The Alexander Column – Russian Travel

There are few squares in St. Petersburg; where all the streets are wide and airy, they are less wanted than among the narrow alleys of other capitals. It contains, however, many open spaces, surrounded with fine buildings; but they scarcely correspond with the usual ideas of a square. The most beautiful of these is that which divides the Winter Palace, etc., from the Nevsky quarter. It is adorned with what we do not hesitate to pronounce the finest monument in the world.

In no part of Europe have we seen any thing worthy of being compared with the remarkable pillar lately erected here, in honor of the Emperor Alexander. If we admire Napoleon’s column in Paris, or the Melville column in Edinburgh, composed of separate stones put together in the usual way, what shall we say of this stupendous work, which consists of only one stone, and yet is considerably larger than those monuments? Its height, if we are correctly informed, including the figure on the top, is exactly 154 feet, and its diameter 15 feet. It is a round column, of mottled red granite, from the quarries of Pytterlax, in Finland, 140 miles from St. Petersburg. The stone is very like the beautiful granite of Peterhead, in Scotland, but darker, and susceptible of even a higher polish.

We have never seen any thing that attracted us so much. It is the perfection of monumental architecture. There is no frippery; there is something sublimc in its simplicity. It is impossible to gaze on it without emotion. You never think of asking to whom it is raised; it has an interest quite distinct from any association with him whose memory it honors. You view it merely as a triumph of human power, which could tear such a mass from the reluctant rock, transport it so great a distance, and, under so many difficulties, carve, and mold, and polish it into one smooth shaft, then poise the huge weight as lightly as a feather, and plant it here, to be the admiration of ages.

This pillar is founded on massive blocks of granite, and has a pedestal and capital of bronze, made from the cannon taken in the recent wars with the Turks. It is the largest stone ever cut, either in ancient or modern times. The shaft alone is eighty-four feet high. On its top stands a bronze statue of Religion, in the act of blessing the surrounding city. The head of this figure stoops so ungracefully below the higher part of the half-expanded wings, that, in some positions, it looks a headless trunk. The usual practise of placing on the top the statue of the hero to whom the monument is dedicated, has been here departed from, out of deference to a word uttered by Alexander, when passing the column of the Place Vendome, before the now-restored statue of Napoleon had been removed from its giddy eminence. “God forbid,” said he, “that ever I should occupy such a post! There is something of profanity in thus exalting any human being, to be worshiped, as it were, by his fellow-creatures.”

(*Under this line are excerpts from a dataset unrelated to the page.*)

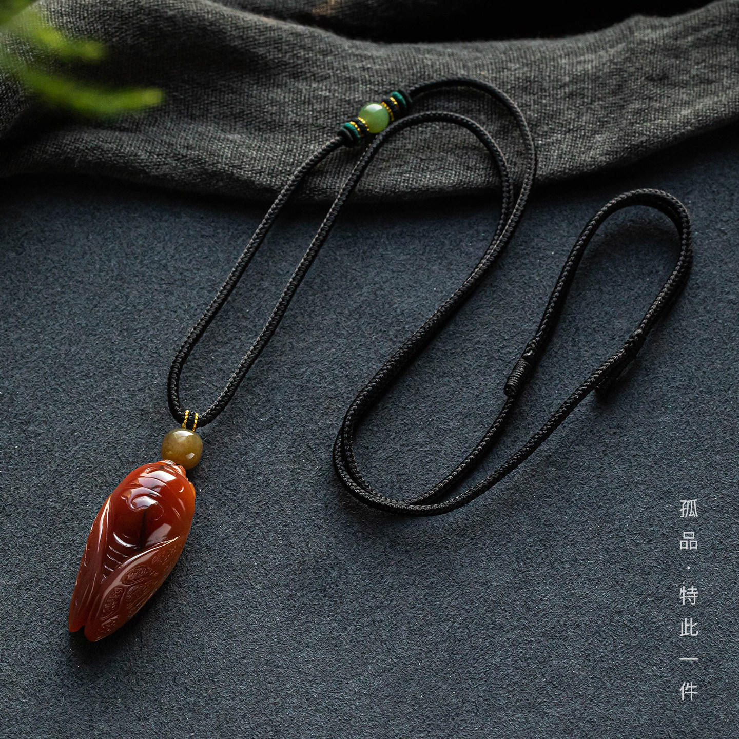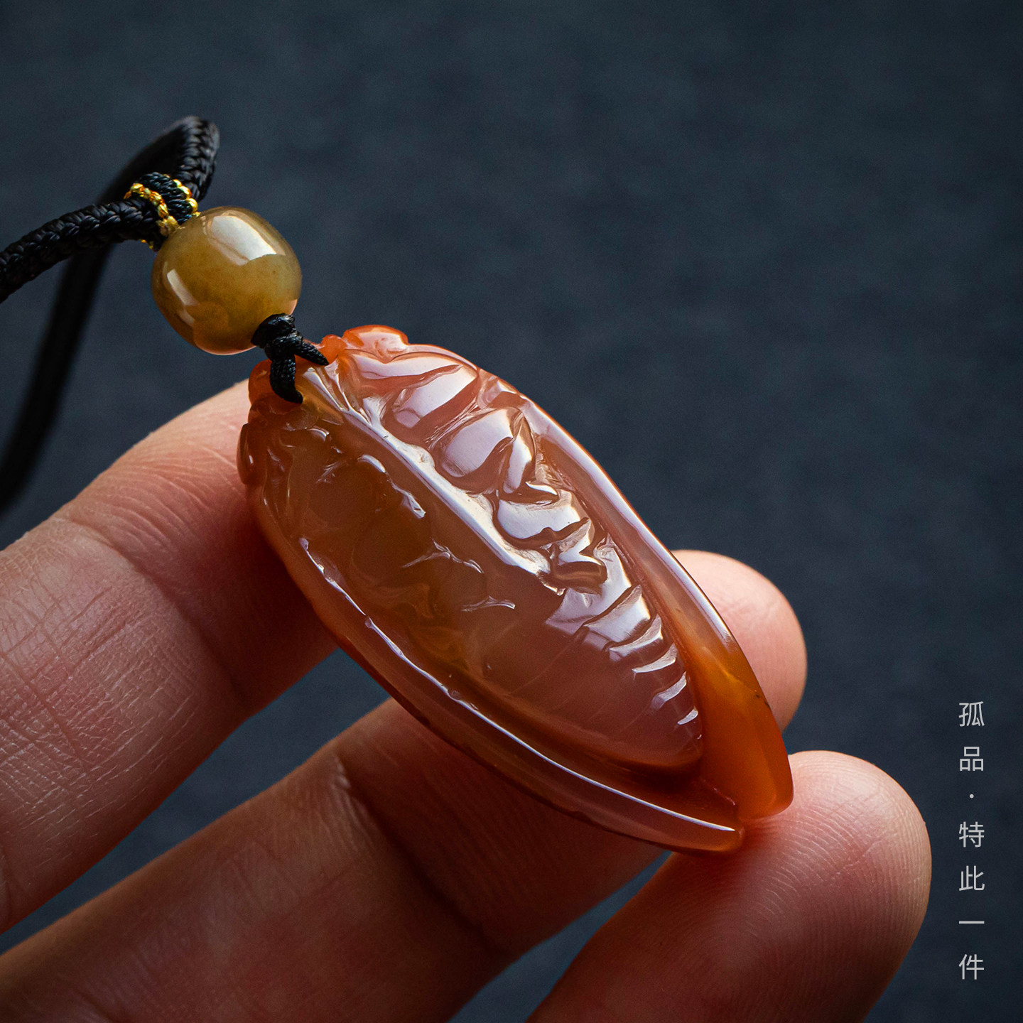 孤品【玛瑙·一鸣惊人】高品质玛瑙雕刻金蝉吊坠装饰品 一物一证
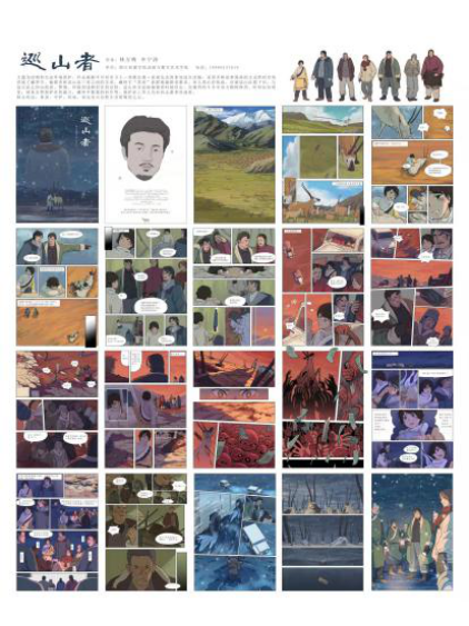 《巡山者》由动画与数字艺术学院学生林方晴和教师申宁涛共同完成,作品根据可可西里卫士——英雄杰桑·索南达杰的事迹改编,采用多格故事漫画方式跨时空讲述了藏羚羊、偷猎者和巡山队三者之间的关系。藏铃羊“男孩”族群被偷猎者猎杀,对人类心存敌意,后被巡山队救下后,与巡山队之间由敌意、警惕、怀疑到逐渐信任的过程,表达了人与自然和谐相处的理念、希望与追求。
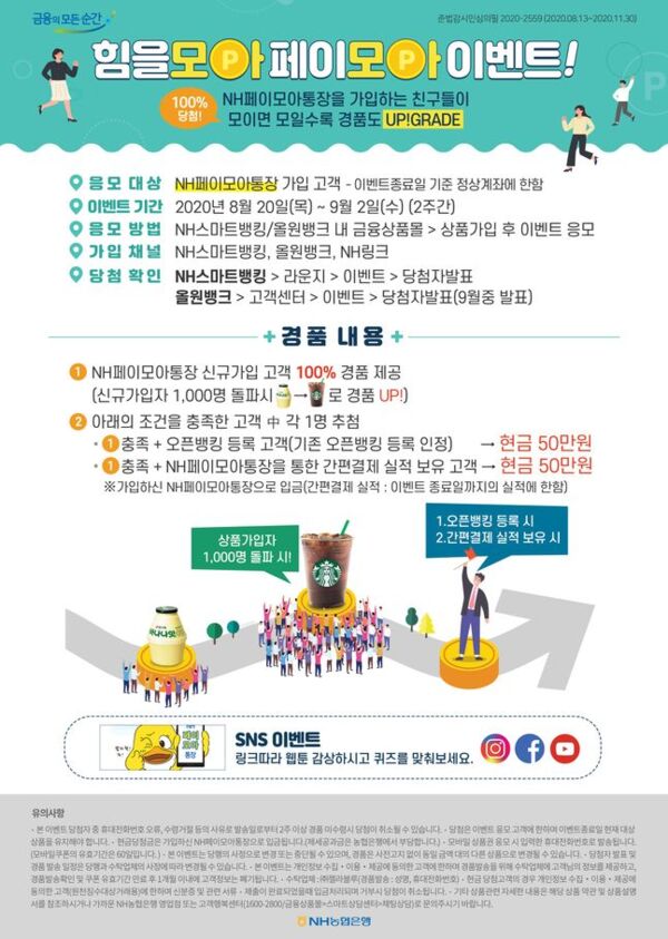 NH페이모아 통장을 가입하고 이벤트에 응모한 고객 전원에게 바나나우유 모바일쿠폰(기간 내 가입자가 1000명 돌파시 스타벅스 모바일쿠폰으로 업그레이드)을 제공하며, 오픈뱅킹 등록 고객과 간편결제 실적 보유 고객을 대상으로 각 1명을 추첨, 2명에게 현금 50만원을 제공한다.
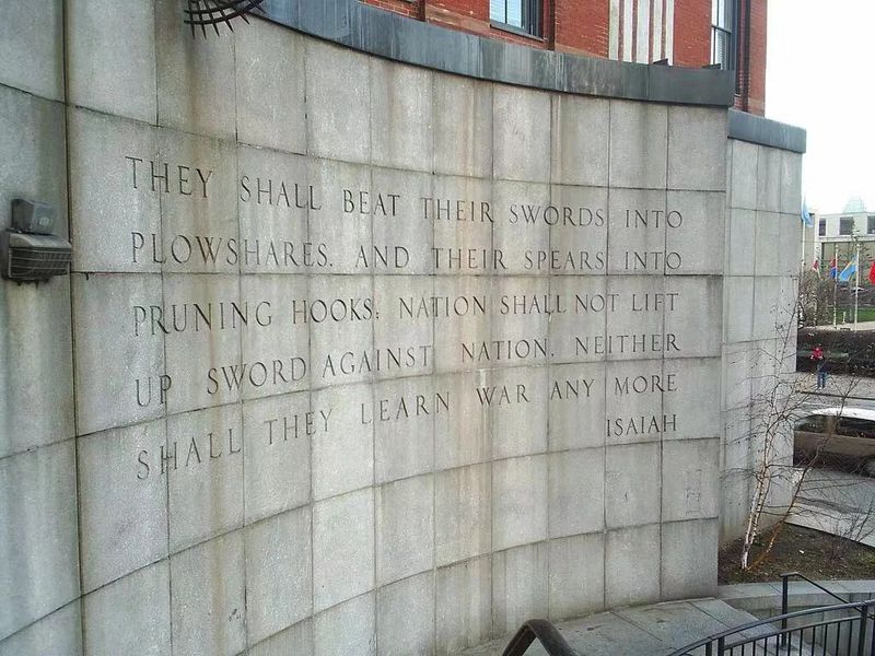 在纽约联合国总部的对面有一个“以赛亚墙”,上面写着一段圣经的经文,
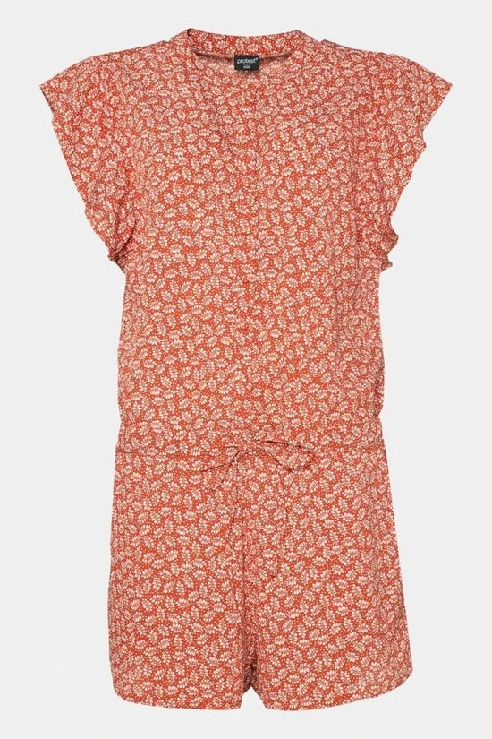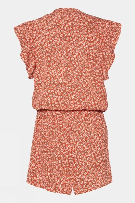 Check out the gorgeous Reeva by Protest. This summer playsuit has a regular fit and is printed with an all over leaf design. The short sleeves are ruffled. The Reeva buttons down and these buttons are covered in the same fabric as the playsuit. There is a drawstring at the waist and the back of the waistband is elasticated for a better fit and there are handy side pockets.
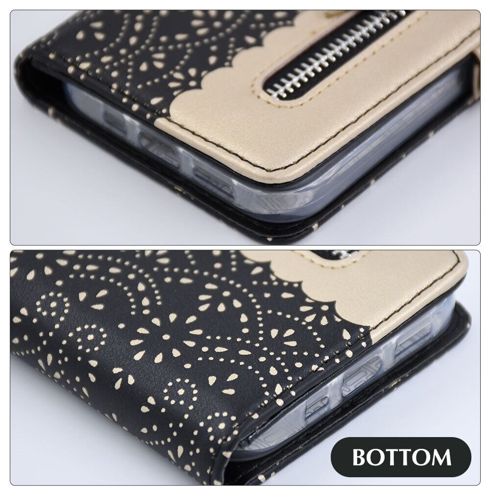 【在庫限り】 レザー 手帳型 iPhone ケース ポケット付き リーフ リボン ストラップ付 小銭収納可 アイフォン カバー ブラック ベージュ iphone 13 ProMax 12 pro 11 pro スタンド 名刺収納可 横置き可 革 黒 レディース
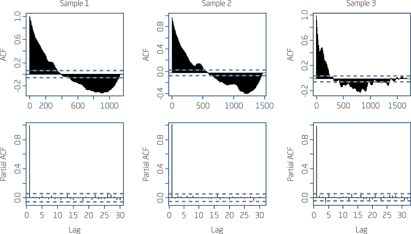 To perform the modeling, only the last five data of each of the samples were not used. That is, the definition of the best models was made according to the criteria of each technique separately and using 1135 data from the downtrend series, 1466 from the uptrend, and 1681 from the sample with no trend. In the end, out-of-sample predictions were performed for five minutes ahead using the two models, fitted for each of the three samples and compared to each other.
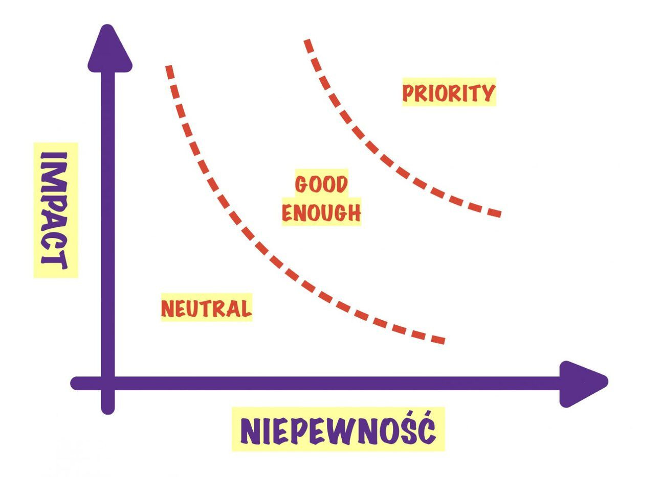 Uświadomienie sobie tego prostego faktu powoduje, że nie popadam w paraliż decyzyjny. Jeśli zrobimy coś źle, po prostu to zmienimy / naprawimy. Jeśli jednak decyzja jest trudno odwracalna i może mieć duży IMPACT – w takim wypadku mówimy sobie wprost, intuicja to za mało. Potrzebujemy lepszego zrozumienia i obniżenia ryzyk produktowych.

This unrivalled monument is a remarkable proof of the bold and original taste of the present emperor;* for the idea of it began solely with him. But if it excite our admiration so strongly, even as it now is, what would have been thought of it had it been raised here of the full height in which it was cut from the quarry? The history is enough to drive one mad; and it did very nearly drive the emperor that length. Orders had been given to the director of the quarries, to try and extract one solid mass, fit to be hewn into a column of a certain length. The operation was begun with slight hopes of success. It was deemed impossible ever to obtain one stone of such a size. Ministers, generals, princes, the whole court, were in anxiety about what the mountain should bring forth; when, at last—who shall describe their joy?—a courier arrives with the happy tidings, that, for once, the labors of the mountain had not ended in disappointment. Expectation was even surpassed; for, in place of eighty-four feet, a mass had been separated nearly one hundred feet long. There were no bounds to the delight inspired by the news. St. Petersburg would now boast of a monument that might challenge the world.

But, alas ! there was a postscript to this famous letter. The director had been ordered to get a stone eighty-four feet long; and as in Russia they are not in the habit of giving a man much credit for departing from the very letter of an imperial mandate—and it being a bad precedent to allow any functionary to think for himself—the zealous man of stones added, that he was now busy sawing away the superfluous fourteen feet. Here was a pleasant piece of implicit obedience ! The emperor was in despair; but as it is not his custom to commission others to do things which may be better done by himself. he posted away immediately, in hopes of still saving his unexpected treasure; and, as good luck would have it, arrived just in time—to see the fair fragment tumble off.

The expense of this monument was very great. To say nothing of the cost of transport, one hundred men labored on it for some years after its arrival. Not the least expensive part was the raising of it, when finished, into its present position. As a specimen of the great skill which the Russians have acquired in applying mechanical powers, it is worth mentioning that it was swung into its place in the short space of fifty-four minutes. The whole population of the capital were present (August, 1832) to see the ceremony. M. de Montferrand, the architect, is a native of France, but must have had some lessons in mechanics from his adopted countrymen; for in Paris, the other day, they took several hours to raise the poor little obelisk of Luxor, which would not make a little finger to this Russian giant.